Exercise requirements :: Pictures excluded, please retype exactly the lines from the start of the data through the line that contains "神社清掃奉仕団体「あらたま奉仕団」のFacebookです。", both ends kept, and nothing beyond them.

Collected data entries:
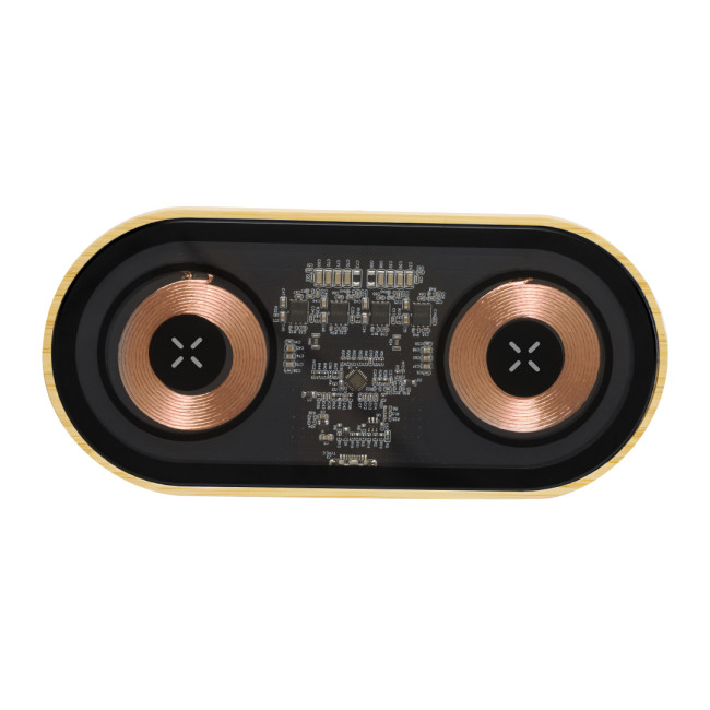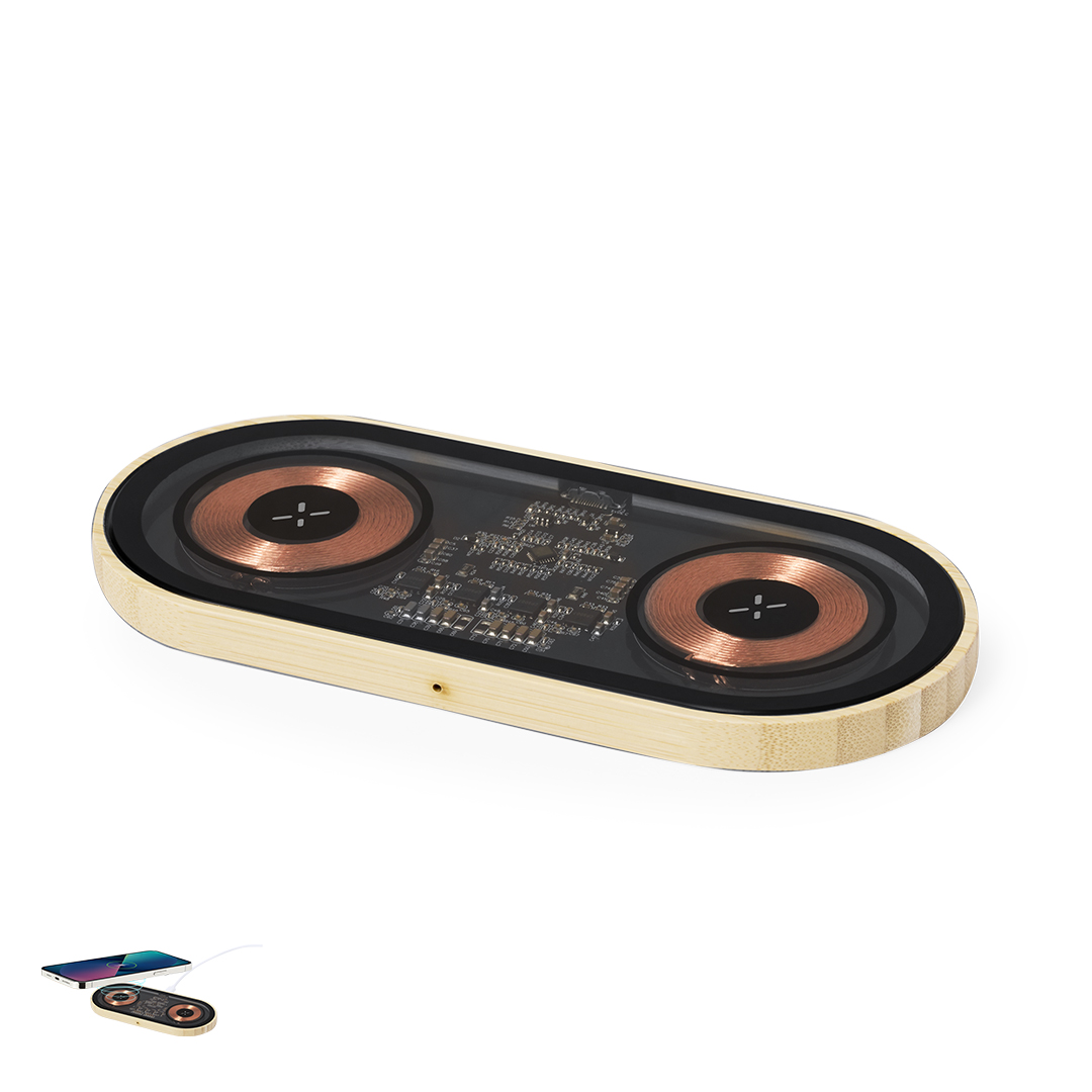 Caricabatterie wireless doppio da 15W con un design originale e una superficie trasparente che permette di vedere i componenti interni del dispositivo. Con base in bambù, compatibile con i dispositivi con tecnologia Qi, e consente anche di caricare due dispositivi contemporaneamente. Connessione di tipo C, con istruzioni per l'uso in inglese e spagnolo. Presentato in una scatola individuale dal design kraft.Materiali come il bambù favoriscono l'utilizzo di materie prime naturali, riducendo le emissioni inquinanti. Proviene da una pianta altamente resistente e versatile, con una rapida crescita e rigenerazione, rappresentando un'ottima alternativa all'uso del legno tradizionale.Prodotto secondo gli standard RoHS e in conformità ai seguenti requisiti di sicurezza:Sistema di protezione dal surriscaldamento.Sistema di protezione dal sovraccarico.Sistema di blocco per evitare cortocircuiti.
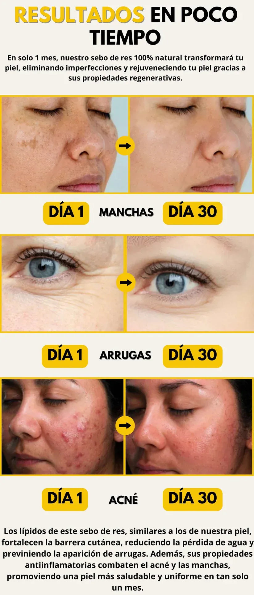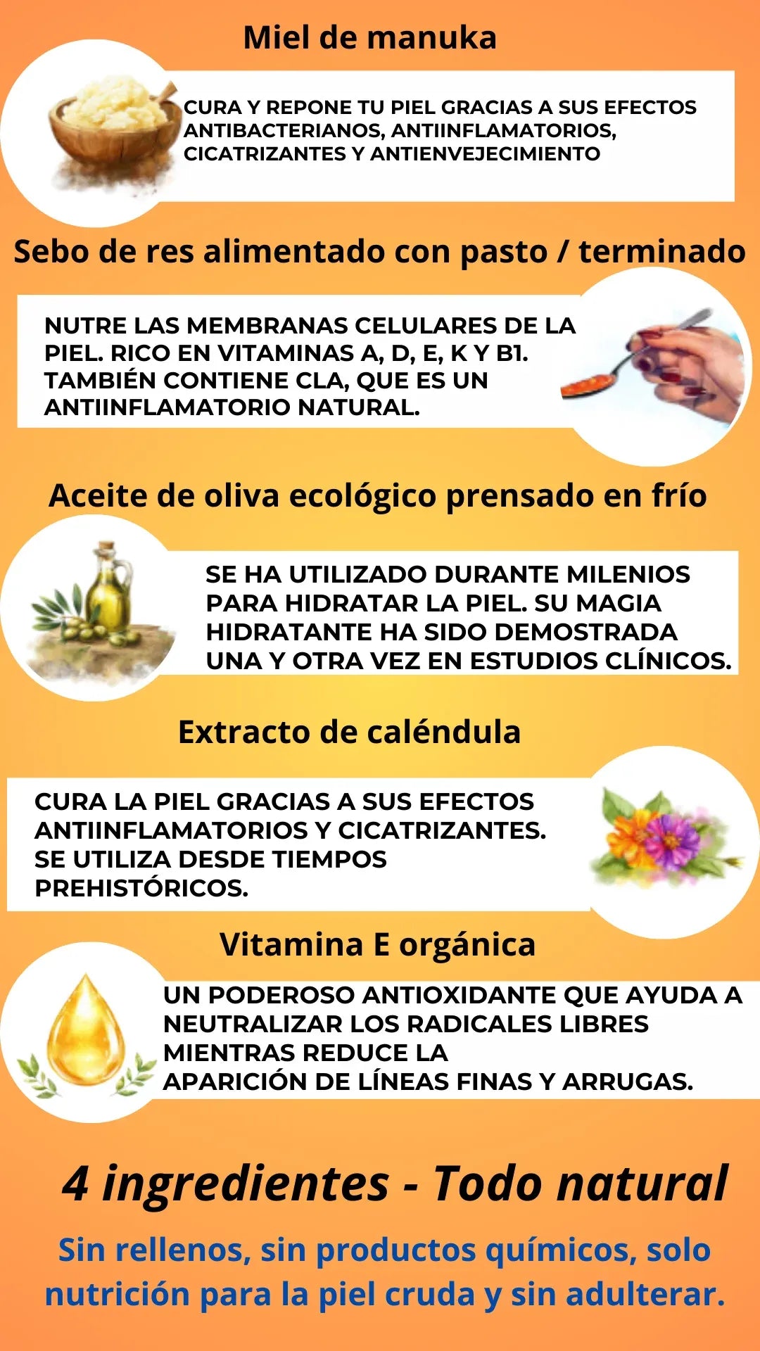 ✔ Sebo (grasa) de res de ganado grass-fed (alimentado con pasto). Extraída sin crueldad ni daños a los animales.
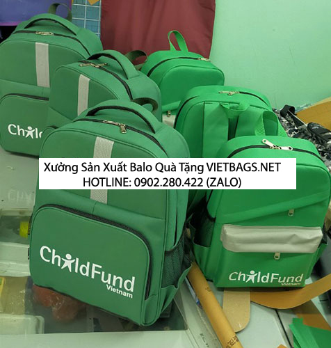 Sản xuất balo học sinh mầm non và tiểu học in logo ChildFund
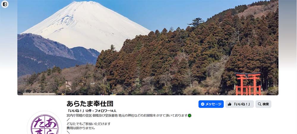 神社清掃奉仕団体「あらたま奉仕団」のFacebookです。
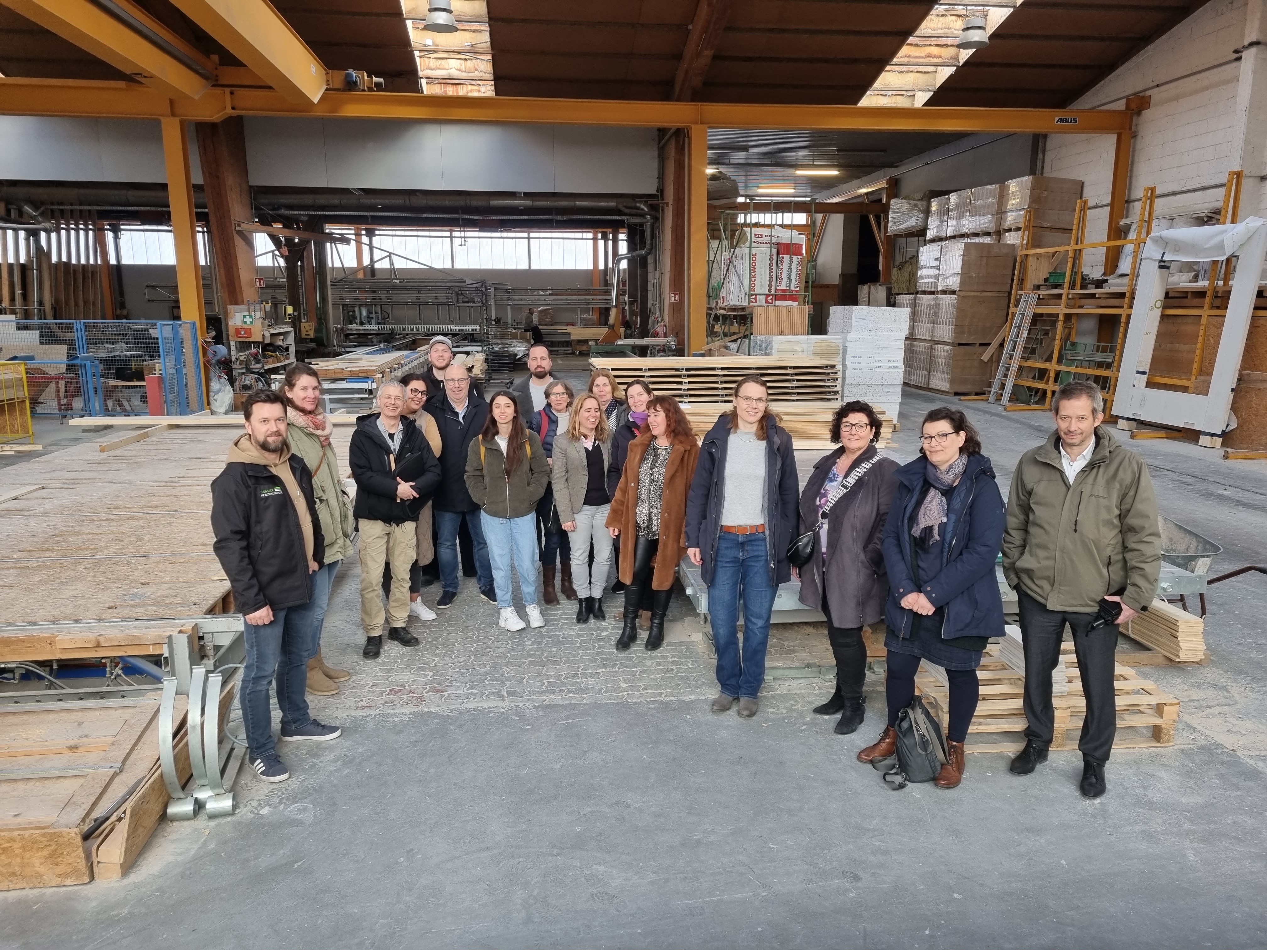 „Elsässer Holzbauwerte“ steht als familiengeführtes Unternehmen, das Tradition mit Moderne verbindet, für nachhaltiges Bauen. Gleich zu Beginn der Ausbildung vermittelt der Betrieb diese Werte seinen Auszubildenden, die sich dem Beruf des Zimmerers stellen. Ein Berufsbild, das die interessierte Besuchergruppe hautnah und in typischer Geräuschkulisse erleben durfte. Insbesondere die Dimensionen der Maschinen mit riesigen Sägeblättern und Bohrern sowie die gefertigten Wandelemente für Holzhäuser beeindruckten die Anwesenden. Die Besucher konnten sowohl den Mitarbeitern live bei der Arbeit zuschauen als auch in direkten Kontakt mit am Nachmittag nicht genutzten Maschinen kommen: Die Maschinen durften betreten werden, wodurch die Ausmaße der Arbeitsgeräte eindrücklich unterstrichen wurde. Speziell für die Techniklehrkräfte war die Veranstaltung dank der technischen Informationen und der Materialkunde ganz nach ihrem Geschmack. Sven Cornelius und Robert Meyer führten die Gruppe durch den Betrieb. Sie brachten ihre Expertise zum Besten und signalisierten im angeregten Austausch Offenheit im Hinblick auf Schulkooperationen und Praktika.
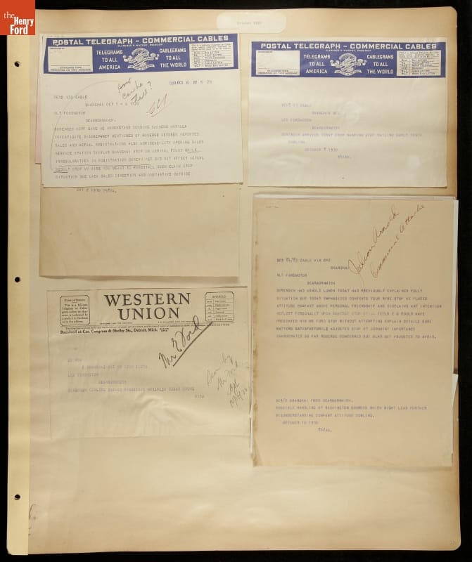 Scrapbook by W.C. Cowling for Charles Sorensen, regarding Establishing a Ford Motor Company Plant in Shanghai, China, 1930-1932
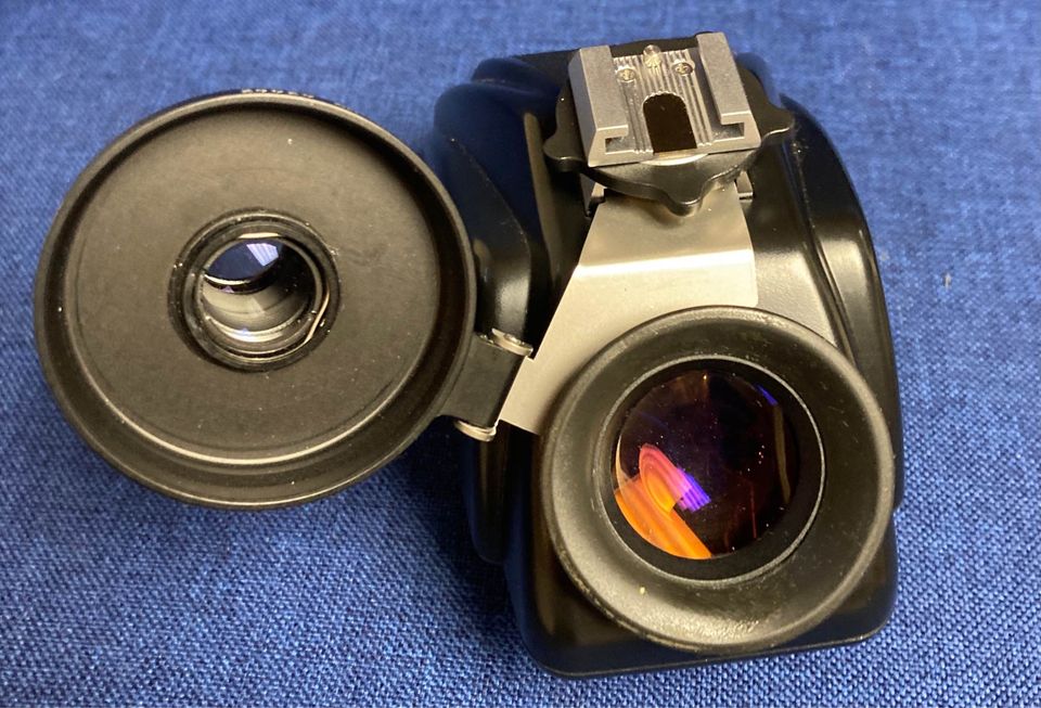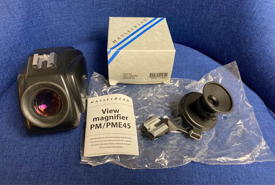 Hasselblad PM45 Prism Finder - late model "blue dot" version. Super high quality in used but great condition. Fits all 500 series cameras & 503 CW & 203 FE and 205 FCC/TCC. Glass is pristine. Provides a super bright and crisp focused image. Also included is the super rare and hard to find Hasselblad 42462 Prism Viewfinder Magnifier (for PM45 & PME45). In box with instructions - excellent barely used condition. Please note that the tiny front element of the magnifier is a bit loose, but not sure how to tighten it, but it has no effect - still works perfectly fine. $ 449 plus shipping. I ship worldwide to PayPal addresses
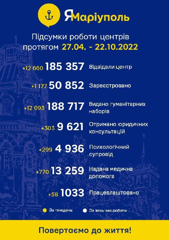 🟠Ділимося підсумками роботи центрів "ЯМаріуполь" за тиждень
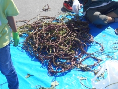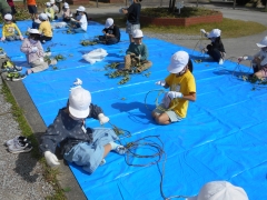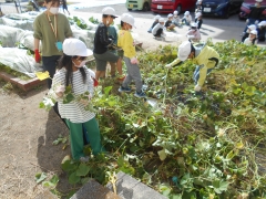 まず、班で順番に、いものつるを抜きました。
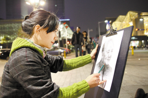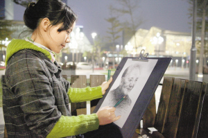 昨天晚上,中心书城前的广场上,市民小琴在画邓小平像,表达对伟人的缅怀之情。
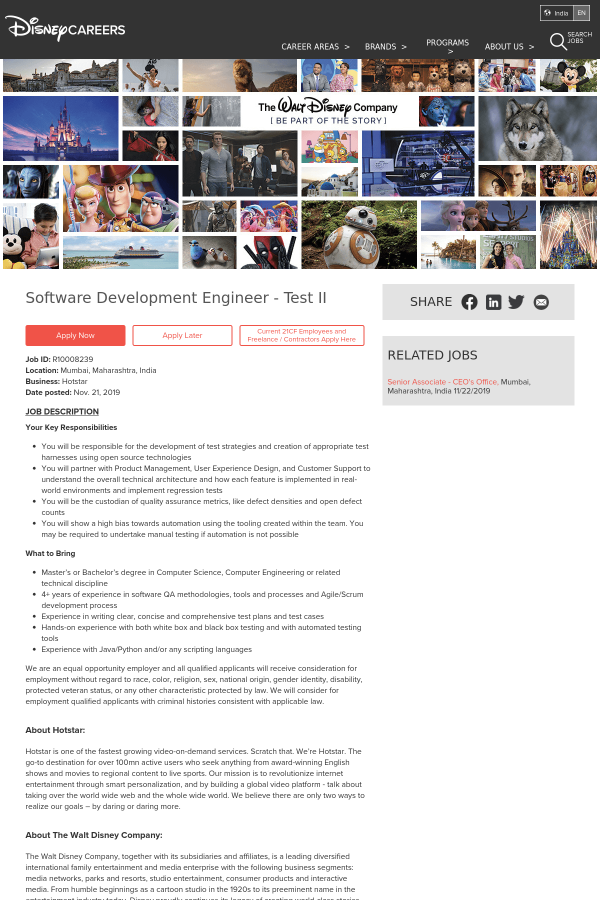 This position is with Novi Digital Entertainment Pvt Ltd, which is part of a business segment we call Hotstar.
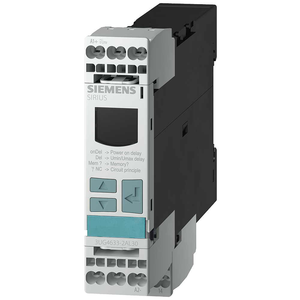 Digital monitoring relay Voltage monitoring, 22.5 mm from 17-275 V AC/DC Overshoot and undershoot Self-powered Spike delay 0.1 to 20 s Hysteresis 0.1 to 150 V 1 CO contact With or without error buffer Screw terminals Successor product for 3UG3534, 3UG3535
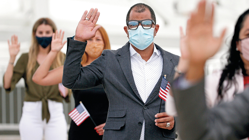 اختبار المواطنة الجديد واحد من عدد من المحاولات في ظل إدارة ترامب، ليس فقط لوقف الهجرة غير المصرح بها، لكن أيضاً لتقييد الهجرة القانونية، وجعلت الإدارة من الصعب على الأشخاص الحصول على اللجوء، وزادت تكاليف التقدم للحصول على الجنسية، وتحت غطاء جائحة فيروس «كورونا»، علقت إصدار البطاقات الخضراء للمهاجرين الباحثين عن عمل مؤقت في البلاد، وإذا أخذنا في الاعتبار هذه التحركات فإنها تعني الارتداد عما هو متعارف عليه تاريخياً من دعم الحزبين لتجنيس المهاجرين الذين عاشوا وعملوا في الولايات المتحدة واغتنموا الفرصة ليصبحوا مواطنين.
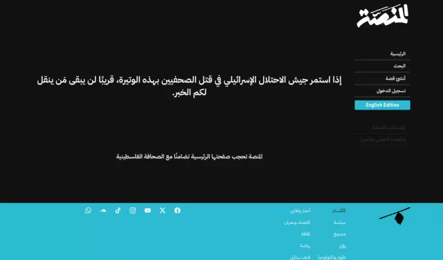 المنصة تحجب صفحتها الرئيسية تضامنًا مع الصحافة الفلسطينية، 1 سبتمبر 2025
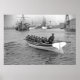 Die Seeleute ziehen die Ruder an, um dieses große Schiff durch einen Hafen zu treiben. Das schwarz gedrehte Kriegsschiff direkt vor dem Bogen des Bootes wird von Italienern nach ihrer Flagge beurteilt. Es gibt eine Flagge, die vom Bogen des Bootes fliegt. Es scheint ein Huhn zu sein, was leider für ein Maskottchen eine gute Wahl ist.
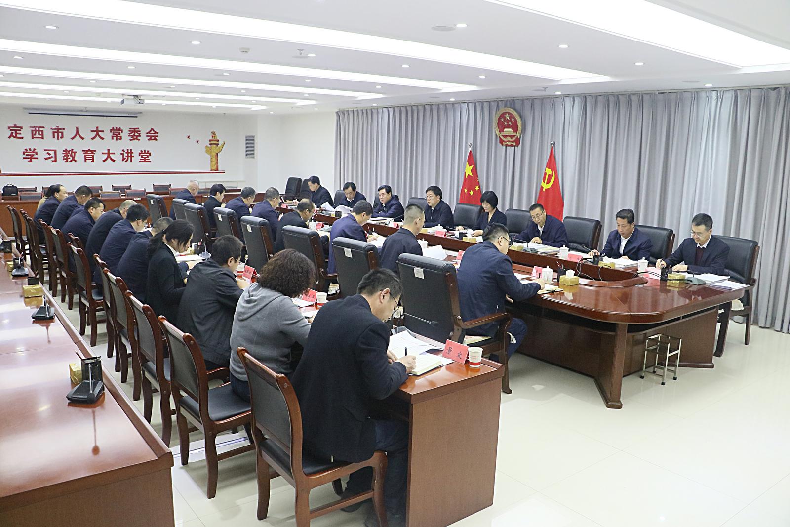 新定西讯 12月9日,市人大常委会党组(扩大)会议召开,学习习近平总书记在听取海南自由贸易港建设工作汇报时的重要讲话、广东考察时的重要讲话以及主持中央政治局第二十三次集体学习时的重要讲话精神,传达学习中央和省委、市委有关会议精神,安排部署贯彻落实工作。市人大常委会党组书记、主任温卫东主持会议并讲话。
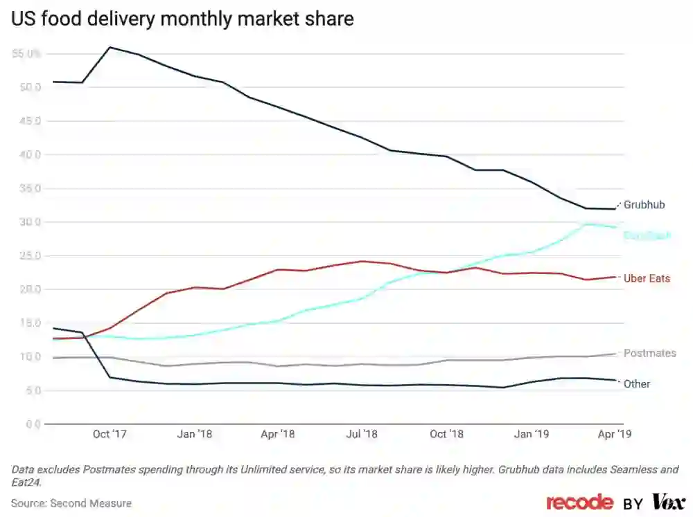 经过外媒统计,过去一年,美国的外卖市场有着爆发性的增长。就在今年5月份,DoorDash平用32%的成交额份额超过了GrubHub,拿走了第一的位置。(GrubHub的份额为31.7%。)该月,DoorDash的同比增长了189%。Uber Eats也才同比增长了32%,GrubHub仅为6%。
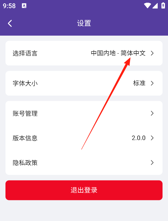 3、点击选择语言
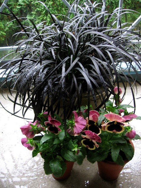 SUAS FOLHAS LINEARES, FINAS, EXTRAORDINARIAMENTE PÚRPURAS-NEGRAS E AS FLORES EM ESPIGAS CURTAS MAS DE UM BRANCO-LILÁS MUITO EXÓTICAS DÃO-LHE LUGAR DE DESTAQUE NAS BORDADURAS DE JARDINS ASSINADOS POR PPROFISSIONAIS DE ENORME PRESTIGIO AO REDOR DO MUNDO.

Problem solution ::
 Caricabatterie wireless doppio da 15W con un design originale e una superficie trasparente che permette di vedere i componenti interni del dispositivo. Con base in bambù, compatibile con i dispositivi con tecnologia Qi, e consente anche di caricare due dispositivi contemporaneamente. Connessione di tipo C, con istruzioni per l'uso in inglese e spagnolo. Presentato in una scatola individuale dal design kraft.Materiali come il bambù favoriscono l'utilizzo di materie prime naturali, riducendo le emissioni inquinanti. Proviene da una pianta altamente resistente e versatile, con una rapida crescita e rigenerazione, rappresentando un'ottima alternativa all'uso del legno tradizionale.Prodotto secondo gli standard RoHS e in conformità ai seguenti requisiti di sicurezza:Sistema di protezione dal surriscaldamento.Sistema di protezione dal sovraccarico.Sistema di blocco per evitare cortocircuiti.
 ✔ Sebo (grasa) de res de ganado grass-fed (alimentado con pasto). Extraída sin crueldad ni daños a los animales.
 Sản xuất balo học sinh mầm non và tiểu học in logo ChildFund
 神社清掃奉仕団体「あらたま奉仕団」のFacebookです。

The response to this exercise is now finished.